*Input data:*
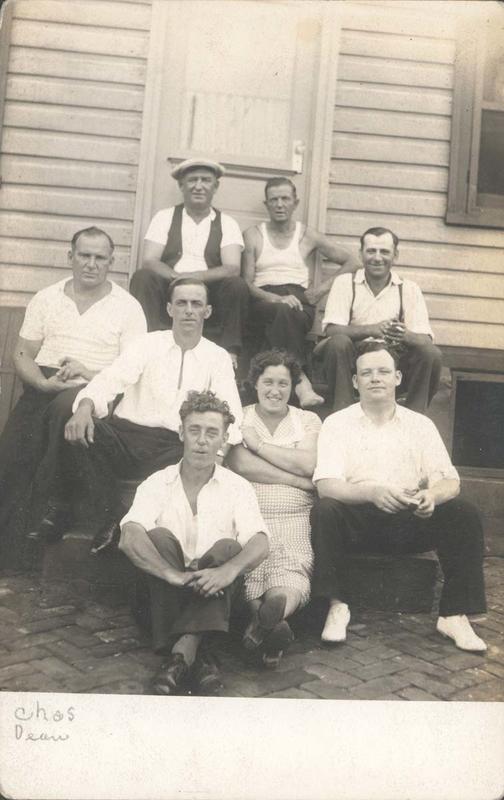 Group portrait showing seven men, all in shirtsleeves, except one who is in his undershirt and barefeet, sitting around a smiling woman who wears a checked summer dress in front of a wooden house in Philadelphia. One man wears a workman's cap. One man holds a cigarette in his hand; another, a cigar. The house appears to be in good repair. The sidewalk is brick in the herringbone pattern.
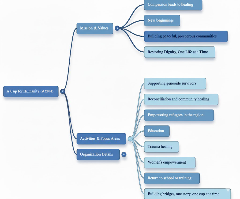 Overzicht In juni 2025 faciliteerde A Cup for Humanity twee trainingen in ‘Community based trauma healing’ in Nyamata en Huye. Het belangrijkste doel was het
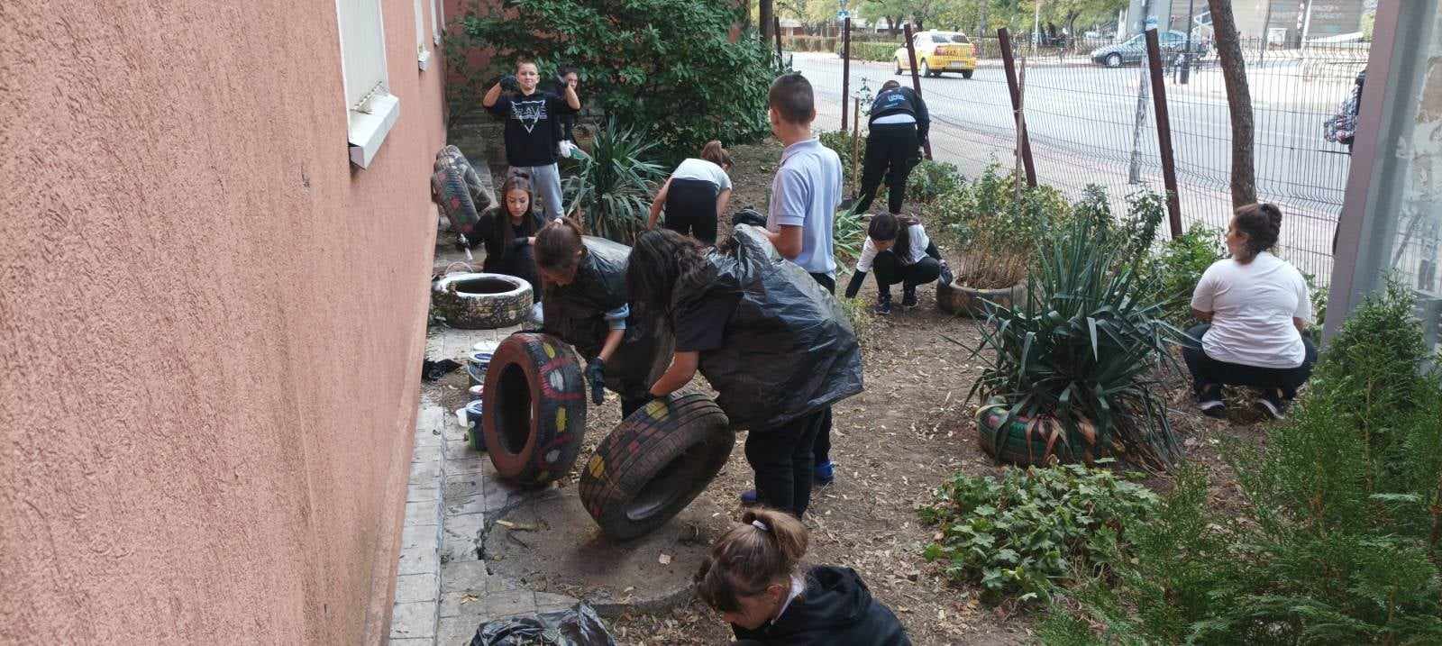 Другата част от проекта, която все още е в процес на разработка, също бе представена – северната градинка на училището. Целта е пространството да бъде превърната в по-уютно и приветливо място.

--

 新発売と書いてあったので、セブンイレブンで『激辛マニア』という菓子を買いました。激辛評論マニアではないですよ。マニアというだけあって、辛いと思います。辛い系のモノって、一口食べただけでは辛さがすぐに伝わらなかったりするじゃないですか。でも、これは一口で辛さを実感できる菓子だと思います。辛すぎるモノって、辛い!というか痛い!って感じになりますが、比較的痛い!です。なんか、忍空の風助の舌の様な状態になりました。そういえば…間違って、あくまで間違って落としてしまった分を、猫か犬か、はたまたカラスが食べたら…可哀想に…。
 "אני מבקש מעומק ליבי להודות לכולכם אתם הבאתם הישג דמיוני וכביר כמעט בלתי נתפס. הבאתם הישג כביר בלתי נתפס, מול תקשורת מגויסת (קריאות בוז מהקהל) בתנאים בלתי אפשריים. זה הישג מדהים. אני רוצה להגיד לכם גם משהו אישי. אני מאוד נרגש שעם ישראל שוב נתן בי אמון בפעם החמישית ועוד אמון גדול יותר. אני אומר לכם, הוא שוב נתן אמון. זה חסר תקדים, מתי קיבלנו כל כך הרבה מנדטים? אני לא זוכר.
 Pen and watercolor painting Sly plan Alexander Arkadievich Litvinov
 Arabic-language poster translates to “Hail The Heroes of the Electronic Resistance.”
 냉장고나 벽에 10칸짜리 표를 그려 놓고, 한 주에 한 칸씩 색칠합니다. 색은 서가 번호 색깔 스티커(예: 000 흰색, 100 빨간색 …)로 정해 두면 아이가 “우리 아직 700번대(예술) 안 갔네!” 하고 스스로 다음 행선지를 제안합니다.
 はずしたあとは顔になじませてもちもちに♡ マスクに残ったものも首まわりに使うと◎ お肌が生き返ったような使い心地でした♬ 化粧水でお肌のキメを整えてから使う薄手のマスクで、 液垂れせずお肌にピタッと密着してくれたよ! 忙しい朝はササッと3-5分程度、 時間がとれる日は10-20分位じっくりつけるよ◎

--

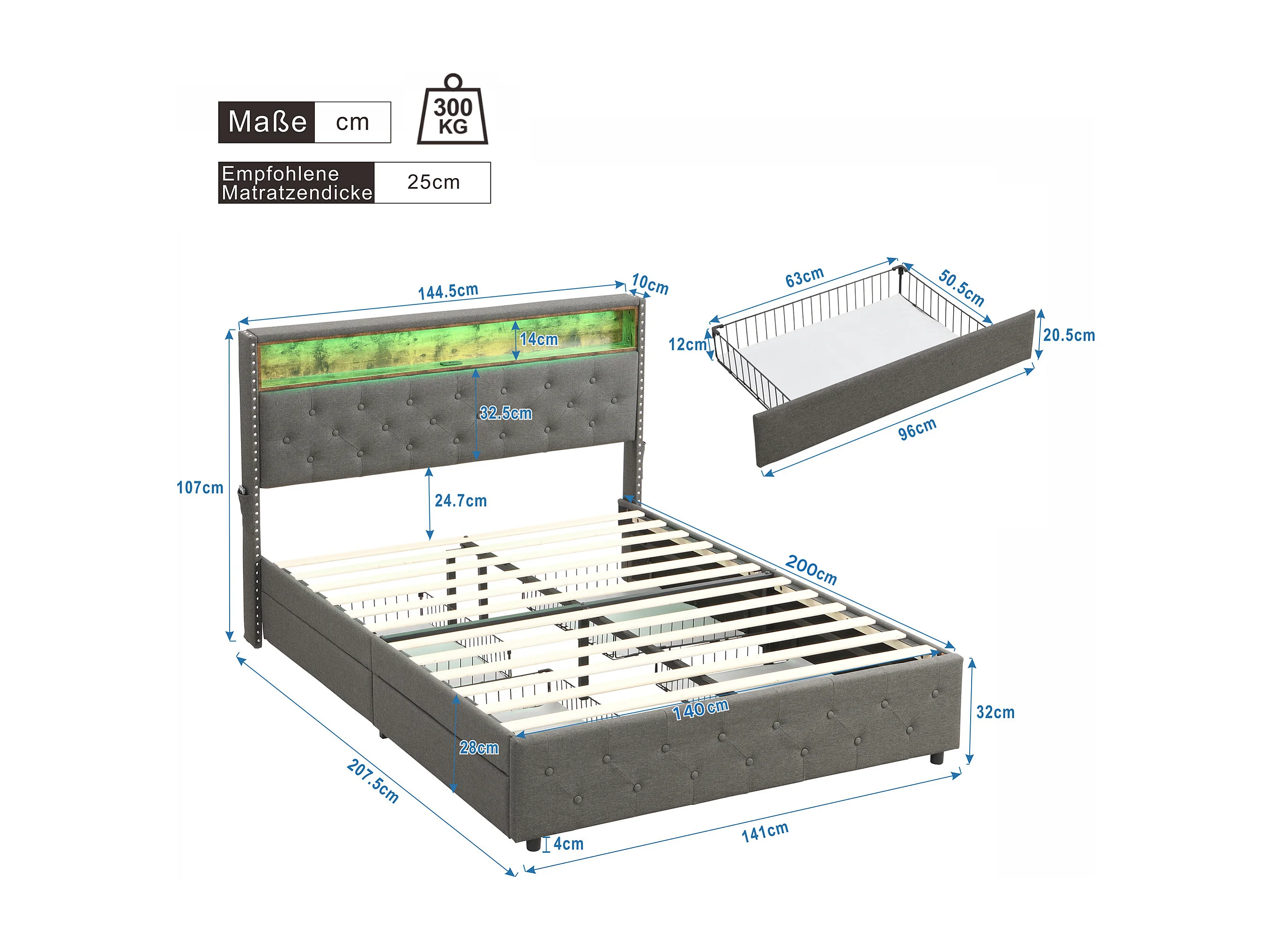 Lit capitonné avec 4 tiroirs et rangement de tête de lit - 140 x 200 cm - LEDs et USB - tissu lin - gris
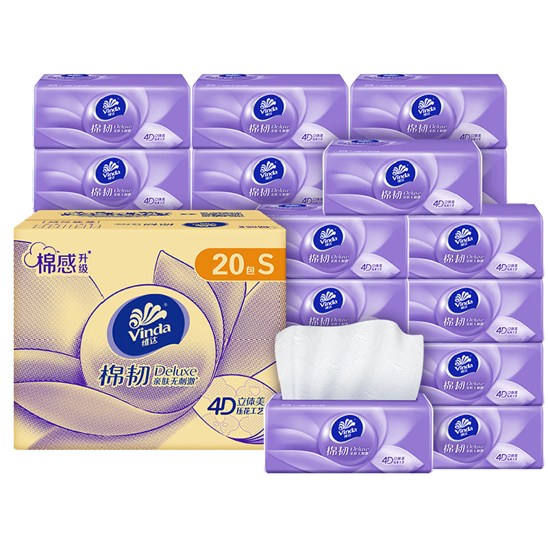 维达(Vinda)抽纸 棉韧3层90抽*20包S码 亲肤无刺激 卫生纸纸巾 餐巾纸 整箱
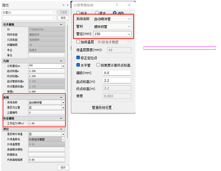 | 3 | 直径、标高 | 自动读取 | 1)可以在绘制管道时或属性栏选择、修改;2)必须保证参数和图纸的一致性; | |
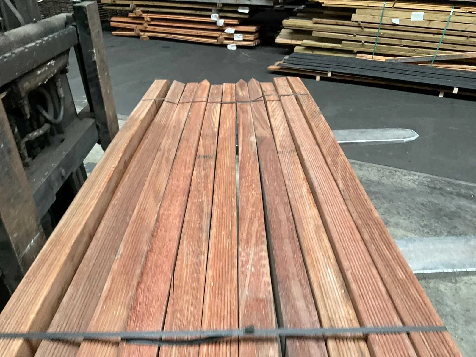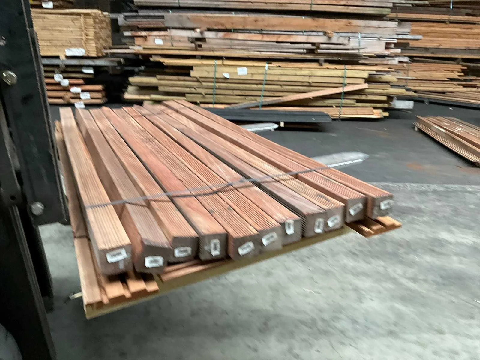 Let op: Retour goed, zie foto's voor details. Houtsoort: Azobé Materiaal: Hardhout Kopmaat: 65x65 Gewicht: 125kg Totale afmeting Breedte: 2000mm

*Exercise instructions:*
Would you copy the lines above exactly, starting with the one that has "Group portrait showing" and ending with the one that has "Другата част от", both included, without the pictures?

*Response below:*
 Group portrait showing seven men, all in shirtsleeves, except one who is in his undershirt and barefeet, sitting around a smiling woman who wears a checked summer dress in front of a wooden house in Philadelphia. One man wears a workman's cap. One man holds a cigarette in his hand; another, a cigar. The house appears to be in good repair. The sidewalk is brick in the herringbone pattern.
 Overzicht In juni 2025 faciliteerde A Cup for Humanity twee trainingen in ‘Community based trauma healing’ in Nyamata en Huye. Het belangrijkste doel was het
 Другата част от проекта, която все още е в процес на разработка, също бе представена – северната градинка на училището. Целта е пространството да бъде превърната в по-уютно и приветливо място.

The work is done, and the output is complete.